[INFRA] Convert entity table to yaml by tsalo · Pull Request #475 · bids-standard/bids-specification

tsalo · 2020-05-17T21:52:02Z

Closes #466, closes #343, and closes #290. Can be used, once an entity-table rendering script is written, to deal with #290.

The yaml/json structure will need to be have sufficient information for tools like bids-validator, heudiconv, and pybids to be able to use them. I've somewhat based the files on the bids-validator rules files.

Changes proposed:

Entities and datatypes have been described with yaml files, stored in the new schema/ folder.
- This structure reflects more a proof of concept than a final version for the schema.
Datatypes are broadly split into standard datatypes and "auxiliary" datatypes (i.e., datatypes that are associated with multiple modalities, and which don't contain imaging data directly).
@yarikoptic wrote code to generate the Entity Table from the schema files, which I have modified to some extent.
The Entity Table differs in some respects:
- Run is optional for anat data. See Update entity table #343.
- Rows are in alphabetical order, based on the Entity string.
- Under DWI, bvec and bval have been dropped and sbref has been added, since bvec and bval are extensions, not suffixes. The addition of sbref is related to Update entity table #343.
- Under beh, the suffix beh has been added. Related to Update entity table #343.
- Suffixes may be listed in slightly different orders, because in the new version they're listed based on subgroups within datatypes.
- Single-suffix datatypes include the suffix in parentheses.
- Auxiliary datatypes have the suffix followed by associated datatypes in parentheses (like the current table), but the associated datatypes are space-separated instead of slash-separated.
- Headshape and markers are labeled like standard suffixes, rather than auxiliary datatypes.

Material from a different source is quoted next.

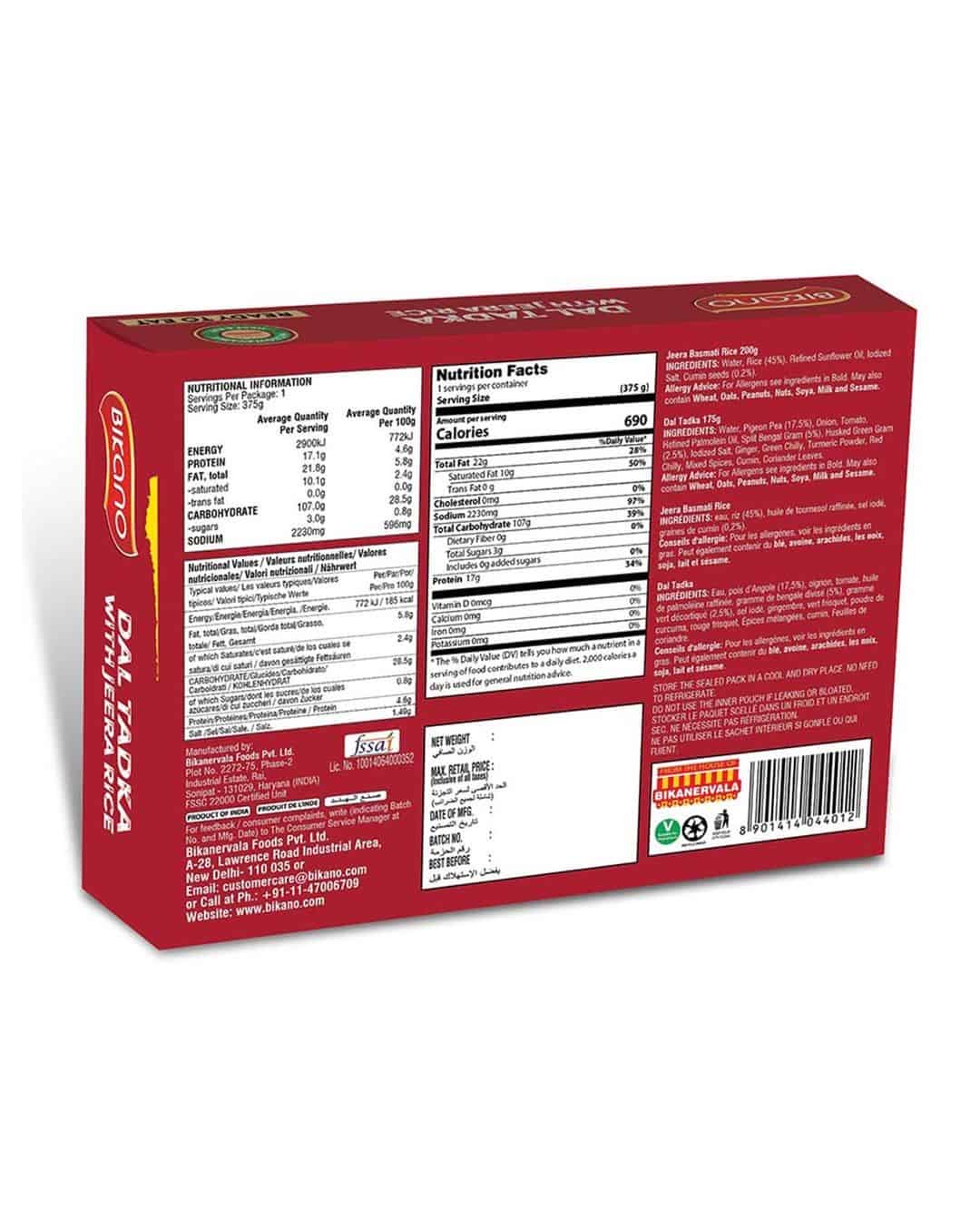 READY TO EAT Yellow lentils cooked in mild spicy curry, with cumin flavoured Rice. Awesome food from the house of Bikanervala and Bikano. Relish and enjoy the same freshness as your home made food. Store the sealed pack in cool and dry place. There is no need to refrigerate
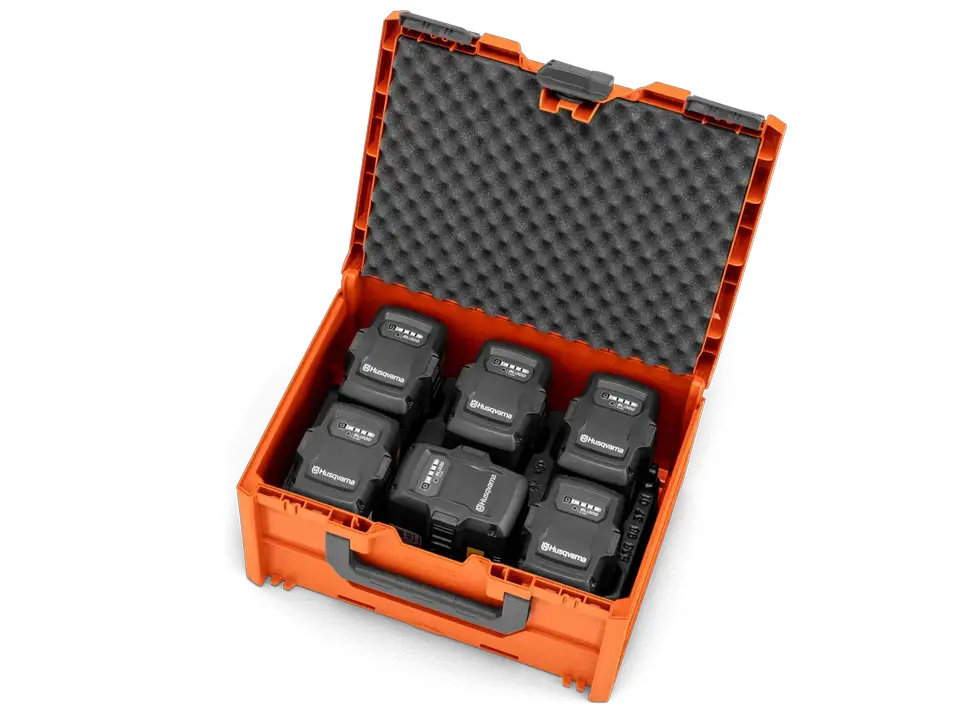 Le Boîtier de batterie L Husqvarna est une mallette robuste et pratique pour le transport et le stockage de jusqu’à 6 batteries lithium-ion Husqvarna 36 V taille L*.

edit @sappelhoff 2020-06-07: add to do list:

to do

make sure Update entity table #343 is closed by this PR
think about whether Split up the entity table into smaller sections #290 can be addressed with this PR as well
will this PR make Entity Table (Appendix) improvements: Custom CSS #289 irrelevant? If yes, close it.
Update CONTRIBUTING.md with information about the schema.
Updates pending [ENH] Support run and acq entities in behavior-only data #556.

yarikoptic

You haven't decided on inclusion mechanism yet, did you?
Left one more comment.
I think concentrating on entity table first would be best (just my reaction when I saw also descriptions of top level files/directories which I think could just go into a single yaml).

src/schema/top_level_files.yml

yarikoptic

Left some comments throughout

src/schema/datatypes/anat.yml

src/schema/associated_data.yml

src/schema/datatypes/anat.yml

yarikoptic · 2020-05-20T14:27:28Z

re "inclusion" -- I guess terminology is not clear. The recent commit is adding required field -- so it is about stating the requirement to include any given file in BIDS dataset. I meant "inclusion" of one .yaml file into another. I.e. we need to establish a hierarchy with a single YAML file as an entry point, so loading that one would load all of them. I would just use https://github.com/tanbro/pyyaml-include which is inline with other ad-hoc solutions proposed on https://stackoverflow.com/questions/528281/how-can-i-include-a-yaml-file-inside-another .

I could take care about it whenever I get to work on rendering the entity table.

src/schema/datatypes/anat.yaml

tsalo · 2020-05-22T00:08:39Z

re "inclusion" -- I guess terminology is not clear. The recent commit is adding required field -- so it is about stating the requirement to include any given file in BIDS dataset. I meant "inclusion" of one .yaml file into another. I.e. we need to establish a hierarchy with a single YAML file as an entry point, so loading that one would load all of them. I would just use https://github.com/tanbro/pyyaml-include which is inline with other ad-hoc solutions proposed on https://stackoverflow.com/questions/528281/how-can-i-include-a-yaml-file-inside-another .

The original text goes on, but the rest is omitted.